(A complete manual is available in Google Docs format.)
Designed for the large-scale scholarly digitization of primary texts, Lace is a GUI-based OCR editing suite with a difference: it outputs structured, citable TEI Simple, bridging the gap between OCR’s page-based layout and a publication-ready document without the proofreader/editor ever confronting XML data.
Lace’s in-browser editing environment, comprising a page image and a facing OCR transcription, makes possible three operations. A proofreader may verify the OCR text, aided by an adjacent popup image of the word image. Secondly, she may draw rectangular zones on the page image. These correspond to the functional regions of the page such as ‘translation’, ‘commentary’ and ‘primary text’ and also indicate proper reading order. Finally, a GUI widget allows her to place a citation within the text of these zones. Internally, citations are CTS-URNs but the widget’s type-ahead form field allows the proofreader to search by author and title.
Combining these data through powerful Xquery scripts, Lace generates a TEI Simple document which, for each of these zones, collects all text across every page. It transforms the citations into nested div elements which reflect the hierarchy of the citation system.
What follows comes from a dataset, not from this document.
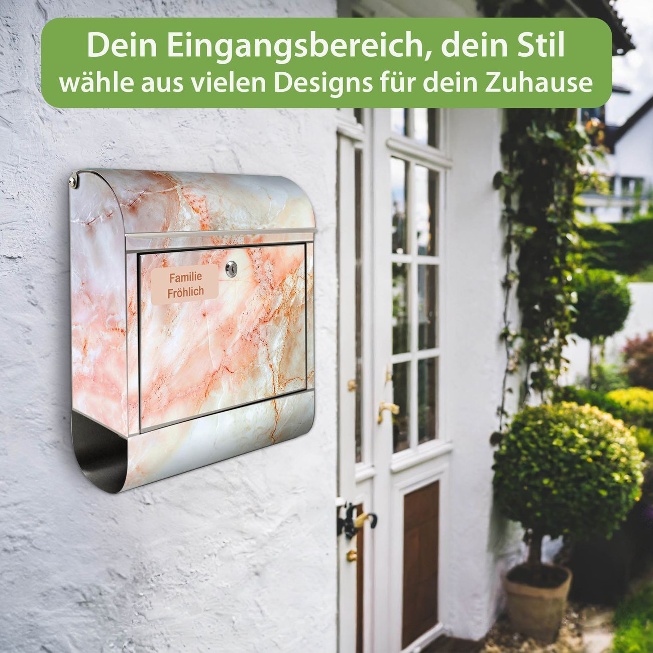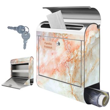 Wandbriefkasten Edelstahl Motiv Rosa Marmor
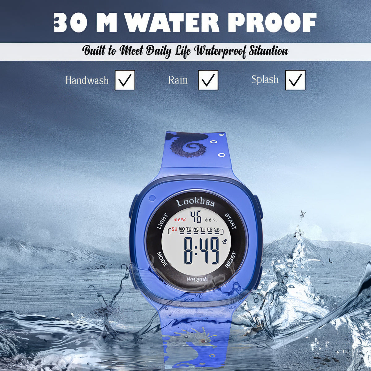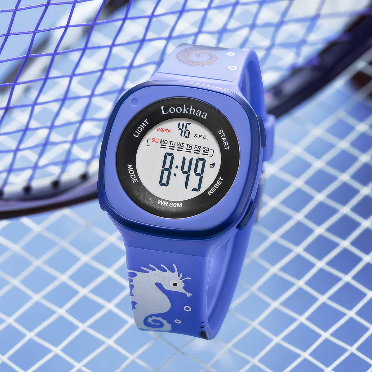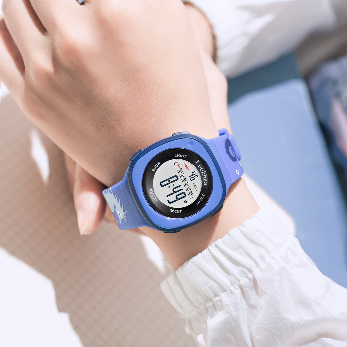 The Lookhaa Multifunctional Kids Digital Wrist Watch is a unique and stylish timepiece designed for boys and girls aged 3-14. It features a round face with a black and blue color, creating a playful accessory. The standout LED luminous light display allows for easy time reading in low light conditions, perfect for kids checking the time at night. This watch is multifunctional, catering to active kids with an alarm function for setting reminders and a stopwatch for timing sports activities. The silicone strap provides comfort and durability, making it suitable for active use.

Because all zones of the pages can have citations applied, the correlations between, for instance, primary text and translation are indicated in the output document. Furthermore, in every zone, page break (<pb/>) milestones are retained, and a line mode is offered, whereby line break (<lb/>) milestones are offered and OCR dehyphenation processes are not applied. In this way, the proofreader converts page-based OCR data into a publication-ready TEI document without any understanding of XML required.
Lace is more than a TEI-generating program, though. It produces zip files of OCR training data from verified words. With this, an operator can bootstrap the OCR of a previously intractable script or font, editing, say, five pages of poorly OCR’d text, then re-processing the entire volume with a classifier generated from these pages. Lace will retain those five corrected pages, allowing proofreaders to continue with the rest of the text. Lace also provides a Lucene-based search function which refers to its results with references where possible.
Lace is built upon the well-established eXist-db XML database: it and its OCR data are installed as easily-managed packages through eXist’s drag-and-drop interface. An open-source project, Lace’s source code and compiled modules are stored in an active github repository, and a site for exploring its functions is offered at http://trylace.org Lace is a well-established platform: the majority of the 24 million words in the Open Greek and Latin’s First Thousand Years of Greek project were edited with Lace.
Lace-2 Tools is a separate repository for Lace-related code, especially pre-processing.